This week we had some sales reps for our company in town, some of whom we have never met, so lunches were arranged between different departments so we could meet each other. Meeting new people is the worst. Pretending to care about what someone says, doing the dreadful small talk that all introverts hate with a passion; the getting them to stop talking so you can cram your face with the only good thing about the meeting (the food). There is however one thing that is good about meeting new people. Imagining that this will be the last time you will ever say words to them. This has happened thousands of times in your life, right? You met someone at a party, or a meeting, or a company picnic and you had to shake hands and say hi. How many of those people have you ever seen again? About 5 percent right? So just think of it in bitter terms. You may never get to see that person again! So really, it’s more like Good Bye stranger! I will never see you again, sucker! Speaking of meeting new people, let me introduce make some introductions to some Bitter Friday Giftures that you will hopefully never have to see again…
Let’s get started by introducing this young lady…
Mewicheal Jordan…
Hey eyeball…
Well I guess I don’t need to introduce bull and fighter…
And this guy and his motorcycle became such instant friends…
Oh and everyone, this is death…
Here are some water balloons that are very eager…
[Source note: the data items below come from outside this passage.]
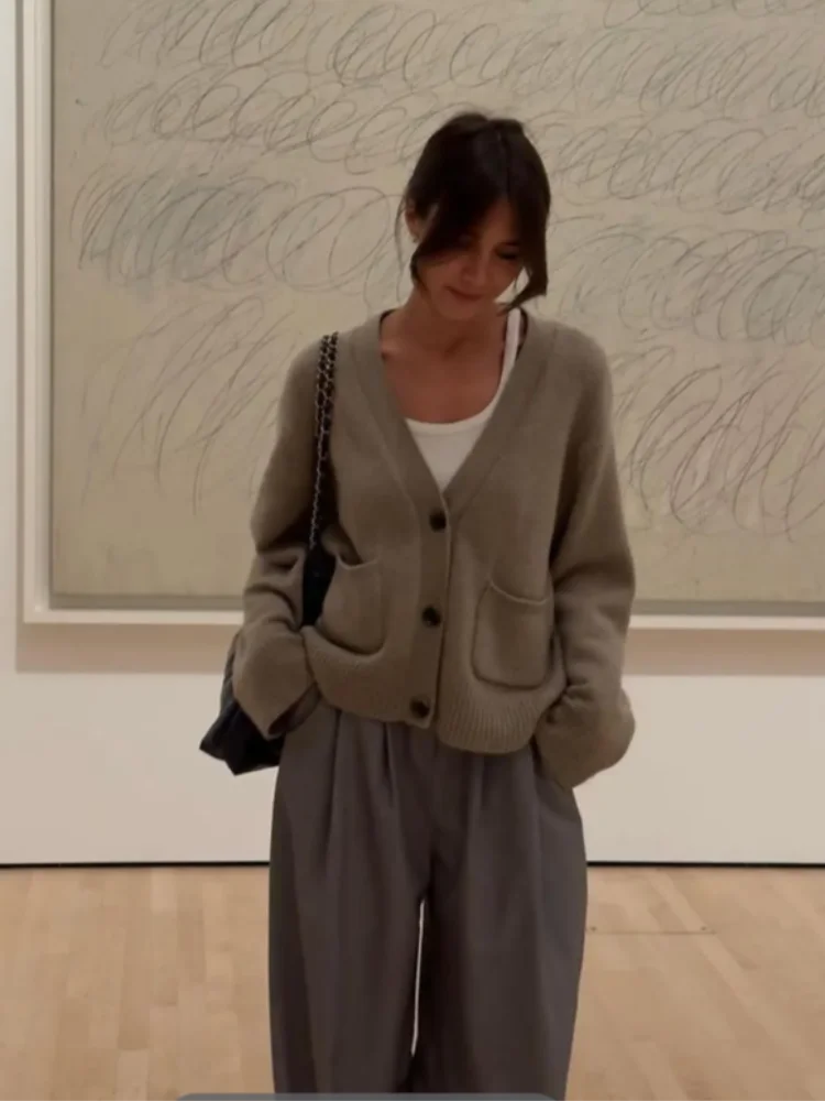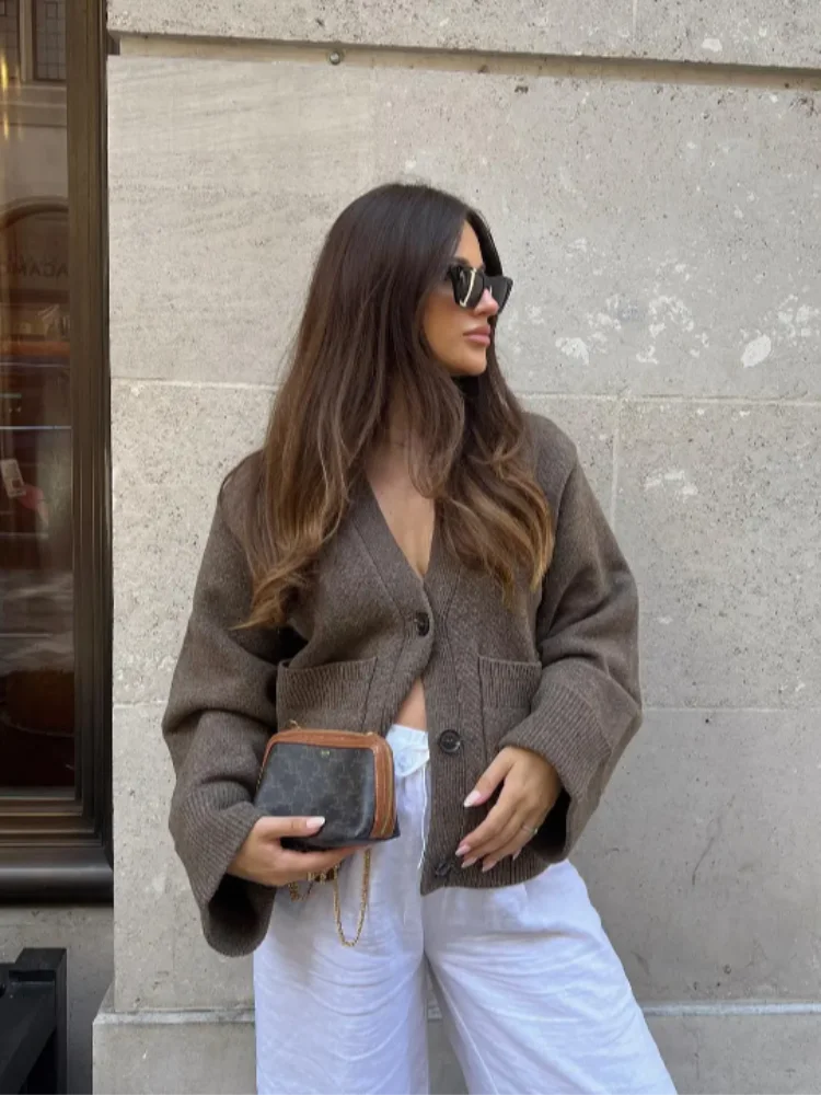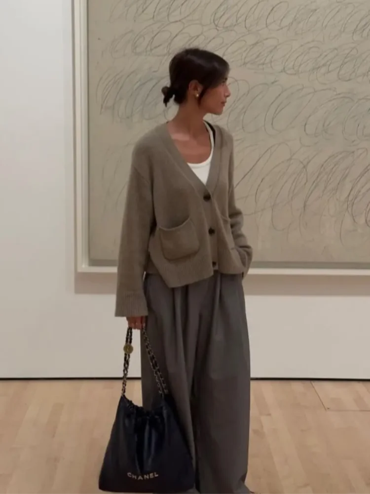 2025 Winter Women S Solid Color Cardigan Knitted Loose Fit Xxl Sweater Coat With Pockets Black
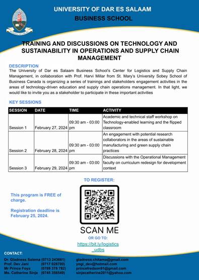 2024年2月27日至2月29日,刘研华和马坤老师参加了达累斯萨拉姆大学商学院可持续运营中心组织的关于供应链管理运营技术和可持续发展系列讲座。讲座由加拿大圣玛丽大学索比商学院Harvi Millar教授主讲,主要围绕技术驱动型教育和供应链管理进行。主要内容如下:
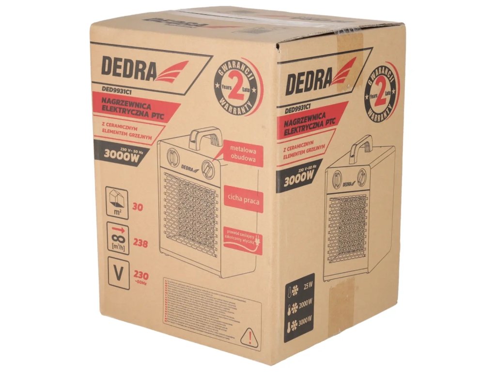 Električni grelec DED9931C 1 je naprava, namenjena uporabi v zaprtih prostorih. Uporablja se za ogrevanje stanovanjskih in komercialnih prostorov, kot so kleti, garaže, delavnice itd. Naprava je namenjena kot pomožni vir toplote, ne kot glavni vir toplote. Če je gumb temperature nastavljen na najnižjo raven, naprave ni mogoče uporabljati kot električni grelec brez funkcije ogrevanja. Keramični grelni element (PTC) zagotavlja toploto skoraj takoj po zagonu. Dvojna kovinska ohišja med delovanjem ne postanejo vroča. Naprava deluje tiho. Udoben ročaj za prenašanje.Toplota se prenese skoraj takoj.Ta izdelek je primeren samo za občasno uporabo ali za uporabo v dobro izoliranih prostorih.
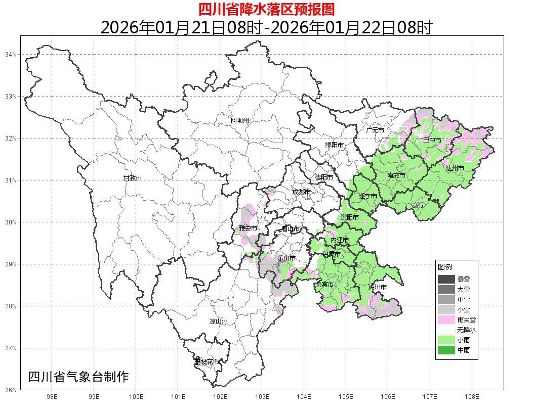 四川省气象台早间发布最新天气预报:21日白天到夜间盆地大部阴天,东部南部有小雨或雨夹雪,盆周区域部分地方有雨夹雪或小雪,气温较低;凉山州东北部多云间阴有分散阵雪或阵雨,川西高原和攀西地区的其余地方晴间多云。
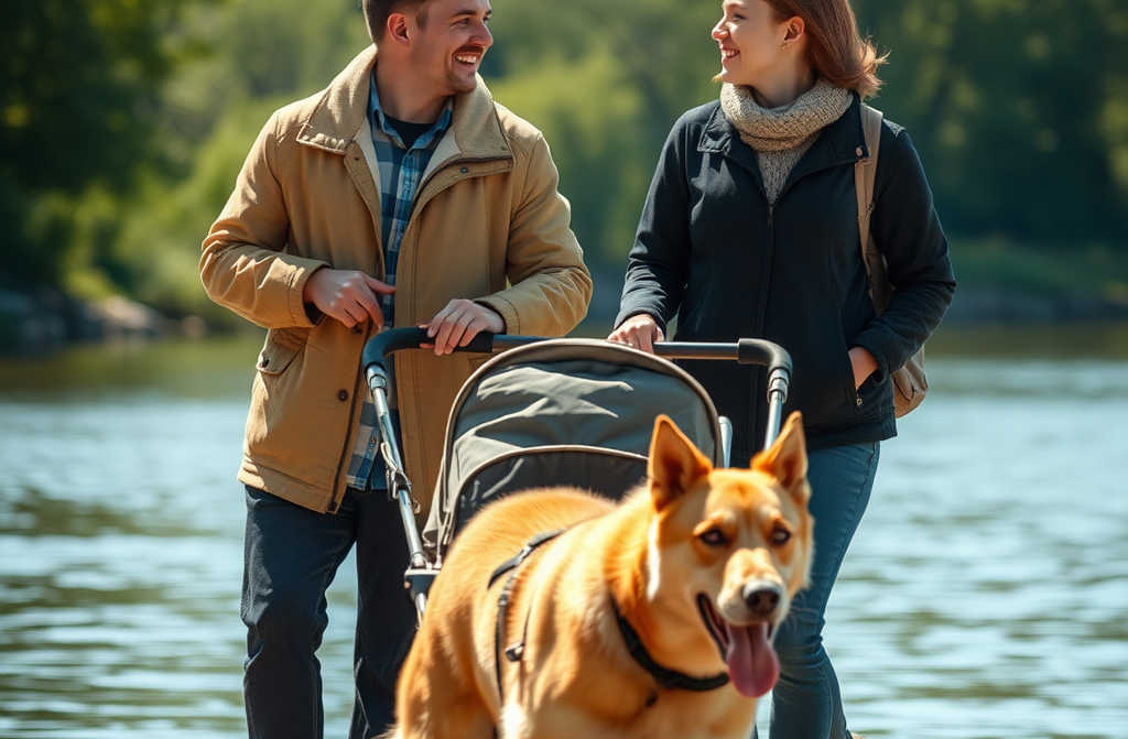 He bounded away to the water in great leaps. A couple of minutes later, the baby started fussing in the pram, and the dog was instantly back, just as fast, peering in.

Karma is going to be around mingling too…
Some will find Karma…
Others might find her…
Others may find her…
And don’t forget to meet this guy…
Now that we’ve all met, and got all the stupid talk about weather and politics out of the way, we can disperse never having to torture ourselves again with this painfully awkward meeting. Go back to your homes and let us never speak of this again.
ARRRRGGGGHHHH
Bitter Introductions Ben
Omg yes yes yes, small talk is my NIGHTMARE. One of the reasons I love being outside the US- small talk with people in foreign countries is so much more bearable because you can interpret it as like a cultural thing. Also this post was hilarious. Love your blog.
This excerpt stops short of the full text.